We have a fine crop of Treviso radicchio now ready for eating in the garden, and we will get to enjoy them all winter. Some people like to mix tender radicchio leaves with things like lambs lettuce to their salad in the spring and summer. In autumn and winter however, I love the vegetable lightly cooked with melted blue cheese and garlic, and served with ribbons of pasta which cling nicely to the rich sauce.
This pasta dish is a meal for two people. I call it Franca’s Sauce, as it was Franca, our landlady in Italy, who strolled past one day and casually suggested this simple way to eat the deliciously bitter leafy vegetable. I tried it immediately, and that’s how we have been eating our chicory ever since (radicchio is also known as Italian chicory).

Ingredients
250 g tagliatelle
200 g Gorgonzola cheese, cut up into roughly 2-3 cm cubes
Two radicchi, washed thoroughly, roots trimmed off, and cut into 2 cm pieces
3 cloves garlic, sliced lengthwise
20 ml olive oil (+ ¼ tsp. olive oil)
2 tsp salt
Freshly milled pepper
2 litres water
Preparation
The pasta: Boil 2 litre of water in a heavy pan with a lid. Add salt, and put the dry tagliatelle in. Cook for 7-9 minutes or as long as the instructions on the packet recommend (be careful not to cook too soft and floppy. Your pasta should be al dente, i.e. have an edge to it). Drain, mix in ¼ tsp. olive oil and keep warm until you are ready to add the sauce.
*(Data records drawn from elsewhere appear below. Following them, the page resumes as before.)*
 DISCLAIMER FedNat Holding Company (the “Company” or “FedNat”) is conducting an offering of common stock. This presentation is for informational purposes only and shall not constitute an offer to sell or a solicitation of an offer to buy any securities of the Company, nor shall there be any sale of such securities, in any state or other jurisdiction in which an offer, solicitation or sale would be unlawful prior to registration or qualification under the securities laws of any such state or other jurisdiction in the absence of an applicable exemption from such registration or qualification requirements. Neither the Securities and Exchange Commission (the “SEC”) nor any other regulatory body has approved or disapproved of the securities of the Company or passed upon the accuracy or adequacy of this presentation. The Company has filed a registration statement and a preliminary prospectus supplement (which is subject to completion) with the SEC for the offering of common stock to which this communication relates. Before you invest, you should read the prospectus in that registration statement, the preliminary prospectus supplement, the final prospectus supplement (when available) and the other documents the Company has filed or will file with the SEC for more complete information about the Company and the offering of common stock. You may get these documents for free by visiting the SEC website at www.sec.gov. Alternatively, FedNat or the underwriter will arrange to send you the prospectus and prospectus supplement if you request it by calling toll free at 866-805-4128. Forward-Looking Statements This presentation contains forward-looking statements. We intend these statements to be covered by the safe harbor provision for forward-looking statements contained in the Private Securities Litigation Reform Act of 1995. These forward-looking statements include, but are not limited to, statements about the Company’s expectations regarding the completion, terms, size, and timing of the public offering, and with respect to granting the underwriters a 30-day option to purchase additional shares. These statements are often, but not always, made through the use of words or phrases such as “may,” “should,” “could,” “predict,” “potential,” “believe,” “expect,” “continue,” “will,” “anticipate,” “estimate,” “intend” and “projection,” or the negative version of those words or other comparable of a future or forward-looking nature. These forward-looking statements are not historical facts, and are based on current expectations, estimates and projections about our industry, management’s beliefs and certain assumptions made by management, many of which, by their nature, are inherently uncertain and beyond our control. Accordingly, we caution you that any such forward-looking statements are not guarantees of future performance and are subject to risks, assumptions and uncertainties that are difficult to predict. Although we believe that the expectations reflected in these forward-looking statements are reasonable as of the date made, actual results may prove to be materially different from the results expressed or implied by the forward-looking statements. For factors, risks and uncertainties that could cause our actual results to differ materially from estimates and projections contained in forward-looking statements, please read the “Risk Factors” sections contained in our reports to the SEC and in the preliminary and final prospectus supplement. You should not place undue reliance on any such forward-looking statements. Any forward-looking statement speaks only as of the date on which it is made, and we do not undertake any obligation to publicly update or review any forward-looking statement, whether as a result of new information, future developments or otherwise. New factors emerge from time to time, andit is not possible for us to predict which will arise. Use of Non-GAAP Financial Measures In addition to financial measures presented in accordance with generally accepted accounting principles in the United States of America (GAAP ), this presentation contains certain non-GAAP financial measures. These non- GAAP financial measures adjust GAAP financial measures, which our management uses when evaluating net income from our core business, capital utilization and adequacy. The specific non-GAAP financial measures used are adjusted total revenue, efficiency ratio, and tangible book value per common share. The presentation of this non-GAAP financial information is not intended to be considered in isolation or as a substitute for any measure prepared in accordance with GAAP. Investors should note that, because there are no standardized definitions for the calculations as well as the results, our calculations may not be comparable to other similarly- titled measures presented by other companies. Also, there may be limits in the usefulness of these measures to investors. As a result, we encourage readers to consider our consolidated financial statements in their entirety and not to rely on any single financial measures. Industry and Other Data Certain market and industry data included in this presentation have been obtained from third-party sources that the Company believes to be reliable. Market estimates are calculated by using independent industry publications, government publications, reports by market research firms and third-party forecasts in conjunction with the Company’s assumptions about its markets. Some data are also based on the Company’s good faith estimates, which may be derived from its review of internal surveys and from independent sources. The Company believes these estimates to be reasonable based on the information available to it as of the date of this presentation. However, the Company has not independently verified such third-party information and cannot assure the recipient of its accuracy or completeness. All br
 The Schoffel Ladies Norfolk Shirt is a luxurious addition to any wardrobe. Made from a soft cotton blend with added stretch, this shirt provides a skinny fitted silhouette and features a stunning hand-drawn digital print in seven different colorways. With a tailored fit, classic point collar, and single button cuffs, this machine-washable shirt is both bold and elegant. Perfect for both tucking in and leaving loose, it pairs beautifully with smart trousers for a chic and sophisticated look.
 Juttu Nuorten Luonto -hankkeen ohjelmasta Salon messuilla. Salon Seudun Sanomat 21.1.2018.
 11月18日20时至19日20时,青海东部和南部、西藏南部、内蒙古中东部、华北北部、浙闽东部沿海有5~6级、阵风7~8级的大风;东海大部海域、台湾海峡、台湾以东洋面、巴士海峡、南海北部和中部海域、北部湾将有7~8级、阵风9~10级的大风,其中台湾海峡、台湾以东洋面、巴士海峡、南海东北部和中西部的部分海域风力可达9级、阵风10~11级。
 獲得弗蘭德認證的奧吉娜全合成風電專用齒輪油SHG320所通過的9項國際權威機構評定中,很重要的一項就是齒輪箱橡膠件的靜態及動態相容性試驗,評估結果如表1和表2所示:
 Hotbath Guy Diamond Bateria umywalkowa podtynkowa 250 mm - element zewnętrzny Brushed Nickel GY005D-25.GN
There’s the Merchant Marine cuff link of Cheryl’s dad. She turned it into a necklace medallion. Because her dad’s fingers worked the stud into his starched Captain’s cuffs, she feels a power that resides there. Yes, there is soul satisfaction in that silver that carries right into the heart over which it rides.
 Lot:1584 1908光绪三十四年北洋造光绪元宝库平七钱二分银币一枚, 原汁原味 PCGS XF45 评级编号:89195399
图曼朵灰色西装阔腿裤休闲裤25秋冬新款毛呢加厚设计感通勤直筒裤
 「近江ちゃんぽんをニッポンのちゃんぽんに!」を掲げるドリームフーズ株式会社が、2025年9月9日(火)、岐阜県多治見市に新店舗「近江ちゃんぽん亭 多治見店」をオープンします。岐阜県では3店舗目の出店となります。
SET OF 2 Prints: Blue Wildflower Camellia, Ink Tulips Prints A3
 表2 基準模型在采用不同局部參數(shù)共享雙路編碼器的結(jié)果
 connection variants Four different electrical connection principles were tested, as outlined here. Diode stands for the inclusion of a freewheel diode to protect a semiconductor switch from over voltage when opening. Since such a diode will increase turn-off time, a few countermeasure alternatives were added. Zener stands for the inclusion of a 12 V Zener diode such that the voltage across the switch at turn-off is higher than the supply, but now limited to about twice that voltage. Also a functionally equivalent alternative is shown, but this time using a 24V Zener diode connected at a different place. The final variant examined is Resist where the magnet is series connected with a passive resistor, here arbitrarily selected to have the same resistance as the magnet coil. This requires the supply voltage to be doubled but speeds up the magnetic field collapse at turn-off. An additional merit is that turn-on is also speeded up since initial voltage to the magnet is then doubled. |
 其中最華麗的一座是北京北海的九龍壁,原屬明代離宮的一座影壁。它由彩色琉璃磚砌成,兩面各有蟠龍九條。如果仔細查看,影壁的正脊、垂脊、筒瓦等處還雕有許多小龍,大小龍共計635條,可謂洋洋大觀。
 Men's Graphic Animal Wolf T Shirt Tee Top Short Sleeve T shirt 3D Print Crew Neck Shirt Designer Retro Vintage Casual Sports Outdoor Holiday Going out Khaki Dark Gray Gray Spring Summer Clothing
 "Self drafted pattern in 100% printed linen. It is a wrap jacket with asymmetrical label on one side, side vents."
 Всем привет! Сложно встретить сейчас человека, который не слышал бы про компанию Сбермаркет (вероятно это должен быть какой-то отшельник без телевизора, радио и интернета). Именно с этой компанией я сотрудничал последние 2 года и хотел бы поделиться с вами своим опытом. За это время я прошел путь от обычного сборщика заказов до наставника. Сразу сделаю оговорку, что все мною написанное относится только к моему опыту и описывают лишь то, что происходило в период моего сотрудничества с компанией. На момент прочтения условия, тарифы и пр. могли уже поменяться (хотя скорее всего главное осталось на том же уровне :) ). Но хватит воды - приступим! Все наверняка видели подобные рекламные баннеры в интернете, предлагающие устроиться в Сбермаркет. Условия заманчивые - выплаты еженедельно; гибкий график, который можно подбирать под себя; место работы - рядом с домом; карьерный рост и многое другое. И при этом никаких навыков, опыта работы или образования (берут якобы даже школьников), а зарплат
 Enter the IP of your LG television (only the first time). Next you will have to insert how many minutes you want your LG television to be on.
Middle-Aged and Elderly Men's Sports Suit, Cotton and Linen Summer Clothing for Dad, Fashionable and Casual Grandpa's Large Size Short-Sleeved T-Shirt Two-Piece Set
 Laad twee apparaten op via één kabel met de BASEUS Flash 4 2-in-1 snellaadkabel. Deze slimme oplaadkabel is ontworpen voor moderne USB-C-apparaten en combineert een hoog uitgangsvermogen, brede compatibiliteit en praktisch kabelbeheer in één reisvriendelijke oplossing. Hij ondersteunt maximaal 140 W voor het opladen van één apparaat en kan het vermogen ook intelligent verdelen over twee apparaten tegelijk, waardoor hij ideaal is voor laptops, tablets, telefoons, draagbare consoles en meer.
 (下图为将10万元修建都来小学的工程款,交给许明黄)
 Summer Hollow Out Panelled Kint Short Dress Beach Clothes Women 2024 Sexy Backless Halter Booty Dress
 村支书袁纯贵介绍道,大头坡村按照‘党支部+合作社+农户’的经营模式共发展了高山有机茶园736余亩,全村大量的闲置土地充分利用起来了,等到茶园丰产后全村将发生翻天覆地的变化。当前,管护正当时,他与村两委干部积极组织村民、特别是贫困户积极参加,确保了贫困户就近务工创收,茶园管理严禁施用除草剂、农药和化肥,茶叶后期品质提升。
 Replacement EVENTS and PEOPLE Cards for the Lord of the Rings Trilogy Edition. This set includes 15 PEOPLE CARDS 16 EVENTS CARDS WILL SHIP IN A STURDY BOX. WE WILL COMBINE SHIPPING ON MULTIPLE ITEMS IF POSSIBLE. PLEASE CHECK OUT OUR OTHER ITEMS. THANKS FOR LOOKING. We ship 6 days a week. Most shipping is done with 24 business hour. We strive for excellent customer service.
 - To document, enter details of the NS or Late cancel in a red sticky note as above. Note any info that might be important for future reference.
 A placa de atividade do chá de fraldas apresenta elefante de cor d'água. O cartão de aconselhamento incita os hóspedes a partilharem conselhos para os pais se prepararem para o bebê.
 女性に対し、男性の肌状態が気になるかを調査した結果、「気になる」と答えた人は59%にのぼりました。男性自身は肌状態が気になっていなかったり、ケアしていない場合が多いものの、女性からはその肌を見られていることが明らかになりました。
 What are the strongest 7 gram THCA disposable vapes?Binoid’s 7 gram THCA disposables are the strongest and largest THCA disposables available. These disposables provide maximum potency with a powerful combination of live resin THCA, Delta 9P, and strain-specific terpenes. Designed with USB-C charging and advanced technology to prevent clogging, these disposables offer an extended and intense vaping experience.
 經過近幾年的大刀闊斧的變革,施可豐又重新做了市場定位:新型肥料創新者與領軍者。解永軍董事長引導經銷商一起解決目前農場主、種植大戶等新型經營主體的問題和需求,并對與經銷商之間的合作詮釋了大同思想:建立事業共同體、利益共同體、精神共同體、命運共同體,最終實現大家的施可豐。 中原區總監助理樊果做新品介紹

The sauce: Start your sauce while the pasta is cooking. Put oil in a frying pan and when it is hot but not smoking. Add garlic, stir, and let it cook until it begins to colour. Add the radicchio, and cook on medium heat, tightly covered, for about 10 minutes, until the radicchio is soft. Turn the heat down to its lowest setting. Add Gorgonzola and stir. Remove from heat as soon as the cheese is melted, and combine with pasta. Serve immediately, with freshly milled pepper, and a glass of a full-bodied red wine.